Part 2. How to construct circles tangent to two lines. What is the connection
between tangent circles and the concept of the distance from a point to a line?
Part 3. Concurrence of angle bisectors and construction of inscribed and excribed
circles.
Part 1.
-
Read and work through the Dirichlet section of this pdf
document from Geometry Through the Circle.
-
Construct the figure with rays for 3 points A, B, C. In this case the figure
will probably not stay correct if you drag the points too far.
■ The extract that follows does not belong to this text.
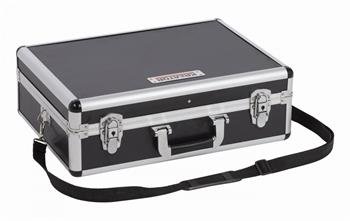 Hliníkový kufr KRT640102B v černé barvě značky Kreator má rozměry 460 x 330 x 155 mm. Pevný box obsahuje polstrování s našitou gumou (ve víku) a s posuvnými přihrádkami (na dně).

Do you see
why?
- Download and explore this Dirichlet gsp
file after you have done some of your own constructions.
Part 2. Distance from a Point to a Line and tangent circle
- Work through the investigations in this pdf file from
Geometry Through the Circle.
What you should take away from this is a set of answers to these questions:
-
In a right triangle, why is the hypotenuse the longest side?
-
Why is the shortest distance from a point C to the points on a line AB
given by the distance from C to the foot E of the perpendicular from C to
line AB?
-
Explain why the figure with the tangent circle in this investigation illustrates
visually the point above. Why does the line AB intersect the circle only
at one point E?
- If a circle with center O intersects the line at two points U and V, why
does the perpendicular bisector of UV pass through the circle of the circle?
What is the distance from the center to of the circle to the line measured
by the distance from O to the midpoint of UV?
Part 3.
A. Inscribed Circles
- Draw a triangle. Construct the circle that is inside the triangle and tangent
to all 3 sides. This is called the inscribed circle of the triangle, or the
incircle.
B. Angle Bisectors of a triangle (interior and exterior angles)
- In a new sketch, draw 3 points A, B, C and construct the 3 lines a, b, c
(NOT SEGMENTS) connecting each pair of these points. This is an (extended)
triangle.
- The lines that bisect the interior and exterior angles of the triangle.
- Observe that at any point of intersection of two of these bisectors, there
is a third bisector through the same point. Why is this true? How many such
points of intersection are there? Why?
C. Excircle and Incircles
- Construct all circles that are tangent to each of the 3 lines. How many
are there?
Reference: B&B, pp. 182-3 and 250-1.